Я предпочитала писать в столовой, раскладывая листы бумаги по обеденному столу, потому что в перерывах между рассказами должна была заниматься счетами и отвечать на тревожные уведомления управляющего. Слуги спрашивали меня, чем я занимаюсь; я отвечала, что пытаюсь написать книгу. Они воспринимали это как последнюю попытку спасти ферму и относились к моему занятию с интересом и спрашивали, как идут дела. Они часто стояли рядом и наблюдали за мной; их лица сливались с деревянной обшивкой стен, и в темноте казалось, что вдоль стен стоят одни белые балахоны.
Все три окна столовой выходили на запад, на террасу, лужайку и лес. Дальше шел склон, потом река, служившая границей между фермой и землями маасаи. Саму реку из дома нельзя было увидеть, однако ее изгибы можно было проследить по зарослям темно-зеленых акаций на берегу. Другой берег тоже был высоким, лесистым: дальше тянулась равнина, доходящая до нагорья Нгонг.
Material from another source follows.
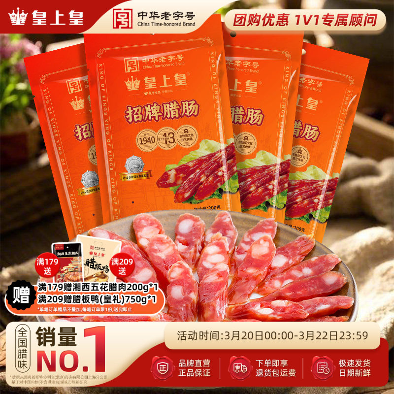 皇上皇招牌腊肠200g*4包广式腊肠正宗广州特产年货送礼团购

«Будь моя вера так сильна, что сдвигала бы горы, я бы заставила горы прийти ко мне».
Ветер дул с востока; двери моей столовой всегда были распахнуты, вследствие чего западная сторона дома пользовалась у африканцев популярностью: они проложили здесь свои тропы, дабы быть в курсе событий. По этой же причине малолетние пастухи пасли на моей лужайке своих коз. Эти мальчишки, разгуливавшие по ферме при отцовских козах и овцах в поисках выпасов, связывали воедино мой цивилизованный дом и дикие окрестности. Домашние слуги-бои испытывали к ним недоверие и не впускали в комнаты, однако мальчишки относились к цивилизации с детским энтузиазмом: для них она не представляла опасности, так как они могли в любой момент с ней расстаться.
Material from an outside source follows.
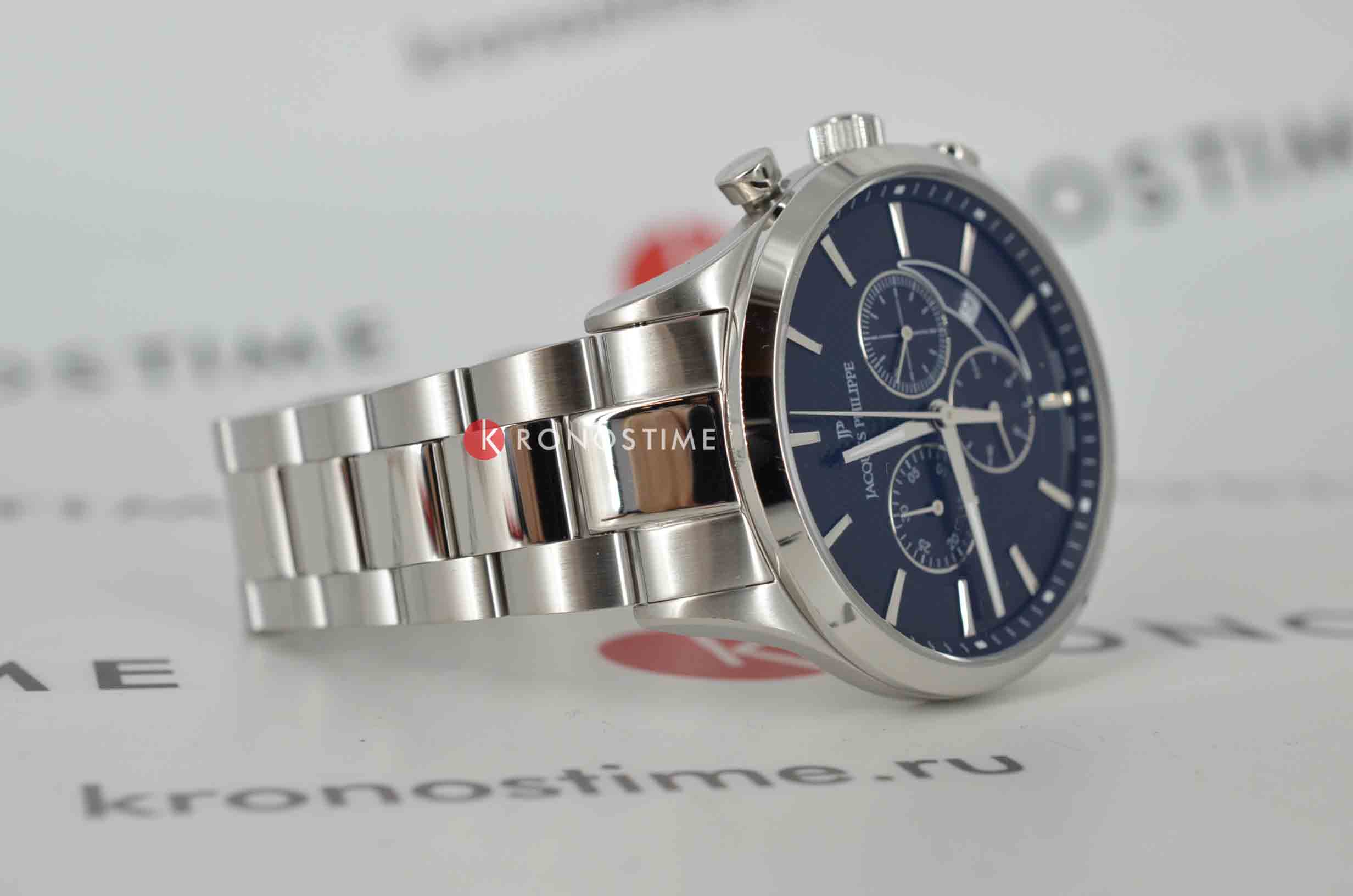 Швейцарские мужские часы-хронографХронографФункция позволяет измерять отрезки времени с особой точностью: часы, минуты, секунды. Верным признаком хронографа является наличие на циферблате 3 дополнительных окошек-счётчиков. Jacques Philippe Gallant JPQGC031316N, кварцевый механизм с высокой точностью. Сапфировое стеклоСапфировое стеклоПрочный и надёжный материал из кристалла сапфира синтетического происхождения, характеризующийся особой твёрдостью и устойчивостью к царапинам и повреждениям. устойчивое к появлению царапин, обладающее высокой прозрачностью. Корпус часов изготовлен из нержавеющей стали. На циферблате три дополнительных индикатора. Стрелки с люминесцентным покрытиемЛюминесцентное покрытиеПозволяет считывать показания времени в темноте. Производители наносят на стрелки, часовые индексы, безель или поверхность циферблата светонакопительный состав, дающий холодное свечение.. Окошко даты находится между 4 и 5 часами. Класс водозащиты: 50 метров, позволит защитить корпус от случайных брызг или капель дождя. Стальной браслет на застёжке «бабочка» с кнопкамиЗастёжка "бабочка"Такой вид застёжки дополняется предохранителями, помогающими избежать случайного раскрытия браслета. Обладают изящным исполнением. .

Главным символом цивилизации для них были старые немецкие часы с кукушкой на стене столовой. Часы на африканских нагорьях являются предметом роскоши. Время здесь можно круглый год определять по положению солнца, к поезду спешить не приходится, а жизнь на ферме можно полностью приспособить к своим желаниям, поэтому надобность в часах пропадает. Но мои часы были сделаны мастерски. Кукушка выскакивала из своего домика раз в час, чтобы, высунувшись из куста роз, ясным и нахальным голоском оповестить о текущем времени. Фермерской детворе ее появление всякий раз доставляло огромную радость. Они точно определяли по солнцу, когда состоится ее полуденный выход, и уже без четверти двенадцать сходились к дому со всех сторон, гоня перед собой коз, которых не смели предоставить самим себе. Головы детей и коз показывались и исчезали в кустах и в высокой траве, подобно головам лягушек в пруду.
Потом, оставив коз на лужайке, они, бесшумно ступая босыми ногами, входили в дом. Самым старшим было лет десять, самым младшим – года два. Они прекрасно себя вели и придерживались некоего церемониала, сложившегося в ходе предыдущих визитов: они могли свободно перемещаться по дому, если ничего не трогали, не садились и не открывали ртов, пока к ним не обратятся.
Когда из часов выпрыгивала кукушка, дети дружно издавали негромкий восторженный смешок. Бывало, что какой-нибудь совсем уж малолетний пастушок, еще не несущий ответственности за коз, возвращался в дом самостоятельно ранним утром, чтобы долго молча стоять перед безмолвными часами, потом разразиться на языке кикуйю признанием в любви к кукушке и важно покинуть дом. Мои бои смеялись над мальчишками; они поведали мне, что те в своем невежестве принимают кукушку за живое существо.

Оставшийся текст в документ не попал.